Streit um Zuwanderung

Senior Social Democrats told Thursday's edition of the Süddeutsche Zeitung, one of Germany's most prominent left-leaning daily newspapers that is also based in Munich, that the Bavarian Christian Social Union (CSU) was using "stupid slogans" to stoke debate on immigration from Romania and Bulgaria.

As of January 1, the two comparatively new EU members enjoy similar rights to freedom of movement as more established member countries.

"The CSU has not understood Europe. And evidently it doesn't even want to," the foreign ministry's special representative for European affairs, SPD politician Michael Roth, told the Süddeutsche. Roth said that this became apparent during the lengthy coalition negotiations after September's election before the rival groups agreed to govern together.

"The CSU doesn't even grasp the facts of the issue," Roth said, saying the Social Democrats were "ready to offer concrete help" if "real problems" on the issue of migration emerged.

Chancellor Merkel's Bavarian CSU partners have raised questions about the prospect of what they have dubbed "poverty immigration" from two of the EU's least wealthy member countries.

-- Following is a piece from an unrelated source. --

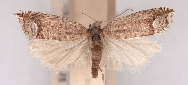 Vulnerable (proposed as a future Red Data Book species) in scrub and birch woodland in parts of eastern Scotland. Not recorded in Hampshire or on the Isle of Wight to date. Wingspan 11-15 mm. The strongly falcate forewing and its grey general appearance and prominent, contrasting greyish white ocellar patch distinguish A. tineana from other Ancylid species [Bradley]. Larva feeds on Aspen, living within a spun or rolled leaf, over-wintering as a small larva.

Social Democrat Foreign Minister Frank-Walter Steinmeier told the Süddeutsche that raising questions about EU freedom of movement "hurts Germany and hurts Europe." Steinmeier called rights to move freely between EU countries - which are only valid if a citizen can find work within 90 days of arrival – an "indispensable part of European integration," from which Germany "has surely profited much more than others."

CSU points to prior coalition deal

Bavarian State Premier Horst Seehofer, speaking to mass-circulation daily Bild, described the criticisms from the Social Democrats as "absurd." He also said that the new German coalition had agreed to send home any EU migrants found to have claimed state welfare during their 90-day period seeking work. Seehofer's party ally Markus Ferber, the CSU's chairman at the European Parliament, said this agreement complied with EU laws.

"Every EU citizen is permitted to spend 90 days in another member country, in order to seek employment. During this period, they have no right to claim welfare. And they must return home if they fail to find work," Ferber told the Bavarian Augsburger Allgemeine daily on Thursday.

The greater freedom of movement granted to citizens of Romania and Bulgaria has also prompted heated political debate in Britain.

Nine EU members - Austria, Belgium, Britain, France, Germany, Luxembourg, Malta, the Netherlands and Spain - have this year permitted greater freedom of movement for citizens of two of the EU's newest members; Bulgaria and Romania both joined the bloc in 2007. At the time, a condition of their accession was that other EU members could wait seven years before affording the countries similar rights to migration enjoyed elsewhere in the bloc.

Germany's Chambers of Commerce and Industry (DIHK) on Thursday said it approved of the development, shortly after similar statements from the Federation of German Industry (BDI). Germany on Thursday announced its 2013 employment figures, again logging a post-war record for the number of people in work.

Germany's new grand coalition government enjoys a massive majority in the national parliaments because it incorporates the two largest political factions, but it is also liable to suffer more internal stresses than the previous government as it unites political rivals.